The expectation value of the number of loops and the left-passage probability in the double-dimer model

TL;DR

This paper analyzes the double-dimer model on rectangular lattice domains, calculating probabilities and expectations of loops and passage events using Grassmannian techniques, and extends results to continuum limits.

Contribution

It introduces a Grassmannian-based method to compute loop statistics and passage probabilities in the double-dimer model, including new results for configurations with monomers.

Findings

Probability distribution of nontrivial loops around a cylinder matches previous results.

Expected number of loops surrounding two faces calculated in discrete and continuum cases.

Derived partition functions for dimer models with monomers, including boundary cases.

Abstract

We study various statistical properties of the double-dimer model, a generalization of the dimer model, on rectangular domains of the square lattice.

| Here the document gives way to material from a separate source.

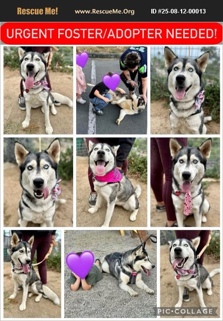 VIDEO INCLUDED: URGENT-Bailey's Life is at Risk! She Will Be Taken to a High Kill Shelter. This is a heartbreaking plea for Bailey, a beautiful 3-year-old Siberian Husky who has spent over a year in boarding, waiting and waiting for someone to choose her. Bailey has done nothing wrong. She's sweet, loving, and absolutely gorgeous with her stunning crystal blue eyes. She's been holding on with hope, but time is running out. If no foster or adopter steps up, Bailey will be taken to a high-kill shelter and we may lose her forever. What Bailey Loves: Going for walks and romping in the yard. Playing with her toys. Snuggling with children (she's amazing with kids!). Giving and receiving love. Being part of a family. Bailey is good with other dogs her size (with proper intro). No cats, small dogs, or farm animals, please. She has a huge heart and a cute, playful personality. She's ready to love someone with her whole being. She just needs someone to say yes. Please, if you've ever considered fostering or adopting, let it be now. Let it be Bailey. She deserves more than this. She deserves life. CONTACT: Pumpkin Pawz Rescue: Jennifer Newman: 714-366-8170 SHARE everywhere. Post, text, tag. Her life depends on it. Let's not let Bailey down.
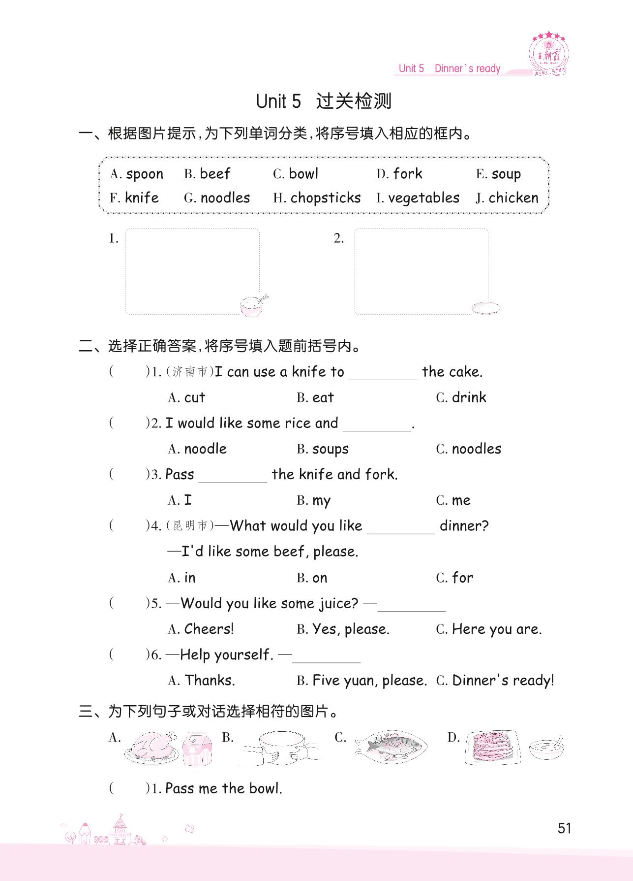 2022上册四年级英语人教PEP版 Unit 5 过关检测

We take advantage of the Grassmannian representation of the dimer model, first to calculate the probability distribution of the number of nontrivial loops around a cylinder, which is consistent with the previously known result, and then to calculate the expectation value of the number of loops surrounding two faces and the left-passage probability, both in the discrete and the continuum cases. We also briefly explain the calculation of some related observables. As a by-product, we obtain the partition function of the dimer model in the presence of two and four monomers, and a single monomer on the boundary.